The legal press is rife with articles and speculation about the defenses of impossibility and/or frustration of performance to lease defaults triggered by state and local mandates prohibiting or limiting access to businesses. A decision released last week addressed that issue.
Rame, LLC leased space at 200 Park Avenue from Metropolitan Realty Mgt., Inc.
In September 2020, Metropolitan sent Rame a notice of default, alleging that it owed unpaid rent from December 1, 2017 through September 1, 2020 in the amount of $1,863,821.70, and set a deadline of on or before September 14, 2020 to cure the default. Rame sought a Yellowstone injunction tolling the time to cure.
After oral argument, a temporary restraining order was granted.
Rame contended that it was entitled to a Yellowstone injunction as it held a commercial lease and received a notice of default, the cure period set forth had not yet expired, and it was able and willing to cure its default. Rame alleged that it operated numerous restaurants at 200 Park Ave, all of which depended on in-person and indoor dining which, as of March 2020, had been prohibited and/or severely curtailed due to the COVID-19 pandemic pursuant to executive orders issued by the Governor of the State of New York. As a result, Rame’s business and profits had declined, and it had been unable to pay its rent, a circumstance which it characterized as a frustration and impossibility of performance of the lease.
Rame noted that the lease specifically contemplated a rent abatement in the event that it was unable to operate its business in the premises due to, among others, a national emergency or a governmental agency’s order or rule, and it argued that it therefore did not owe Metropolitan the amount of rent set forth in the default notice.
Nevertheless, Rame maintained that it had the ability to cure the alleged default and/or pay subsequent amounts that become due while the action was pending, separate and apart from the amounts allegedly due and owing, as a result of the COVID-19 pandemic—which Rame did not believe it owed due to the frustration of its lease with Metropolitan.
Metropolitan denied that Rame was prohibited from operating its business as a take-out restaurant, which had been permitted for several months, or from offering outdoor dining, which had been permitted since July 2020, or limited indoor dining, which had been permitted since the end of September 2020. Nonetheless, Rame had kept its been business completely closed since March 2020. Thus, any inability on its part to conduct its business and earn money was entirely Rame’s fault.

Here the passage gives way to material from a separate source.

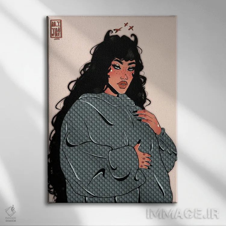 بوم گالری ایماژ طوری طراحی شده که اثر روی دیوار «پرداختشده» و حرفهای دیده شود—نه پرزرقوبرقِ بیپایه؛ بلکه دقیق و خوشپرداخت. بافت ظریف کنواس کمک میکند حس اثر هنری را در نگاه نزدیک نگه میدارد. قابپذیری باعث میشود هماهنگی قاب با پالت رنگ جلوه را تقویت میکند و نتیجه را یکدستتر میکند. حاصل کار، یک تابلو خوشنشین است که هم از دور اثرگذار است و هم از نزدیک خوشخوان؛ در کنار نورپردازی درست، جلوهی گالریوار بیشتری حس میشود.
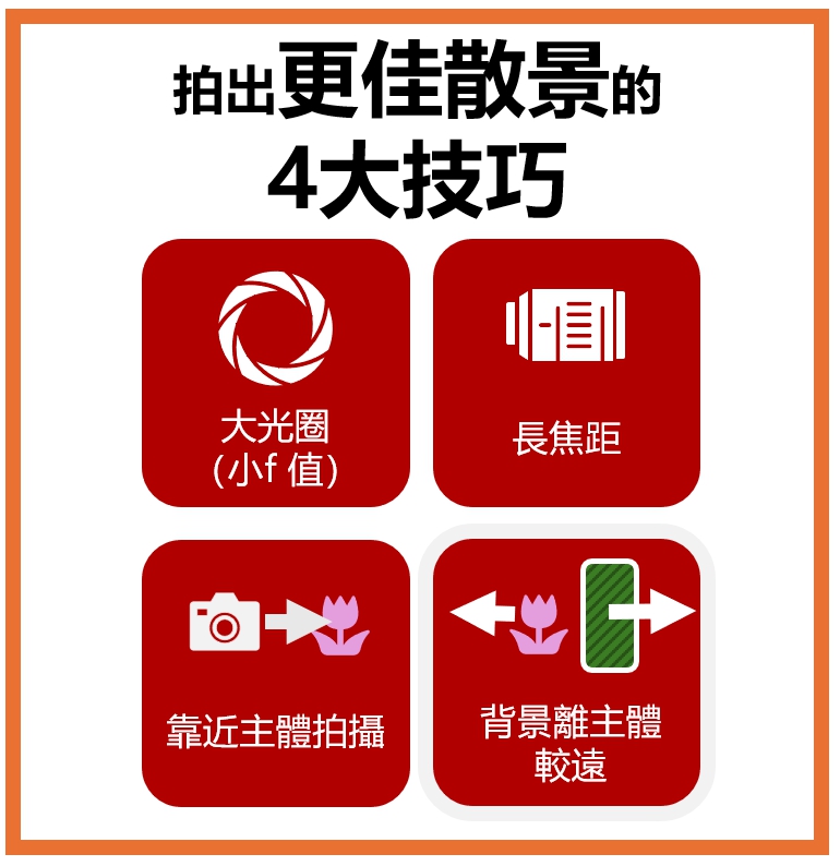 - 調整角度/主體/背景,讓背景盡可能遠離主體。

According to Metropolitan, the lease also required that Rame pay rent without a deduction or offset for any reason. Absent a dispute that Rame owed it rent, and would continue to owe it rent, Metropolitan requested that the Yellowstone injunction, if any, be conditioned on Rame paying the amount of rent it owed into court, as well as continuing use and occupancy.
A party seeking a stay of the period within which an alleged default must be cured until the merits of the dispute are resolved in court and to avoid the forfeiture of a substantial leasehold interest, must demonstrate that it: (1) holds a commercial lease; (2) received from the landlord either a notice of default, a notice to cure, or a threat of termination of the lease; (3) requested injunctive relief prior to the termination of the lease; and (4) was prepared and maintains the ability to cure the alleged default by any means short of vacating the premises.
And it is the movant’s burden to convince the court of the desire and ability to cure the default by any means. That the movant denies a default is not dispositive, as long as it evinces a good faith willingness to cure.
Whether Rame was entitled to an abatement of rent under the lease, i.e., whether it would ultimately prevail in proving that it owed less than Metropolitan asserted, was irrelevant to whether it was entitled to a Yellowstone injunction. Rather, the key issue was Rame’s willingness and ability to cure its default, and it had indicated both.
However, because Rame allegedly owed Metropolitan a large sum of money in back rent and continued to accrue significant monthly arrears, an undertaking was appropriate, as was its payment of use and occupancy going forward and pending the determination of the action.
Accordingly, Rame’s application for a Yellowstone injunction was granted on the condition that that it pay its current rent and other rental obligations to Metropolitan as they become due on a monthly basis, beginning on November 1, 2020, and on the additional condition that Rame post an undertaking in the sum of $1,092,156.33, representing 50 percent of the amount due as of October 1, 2020.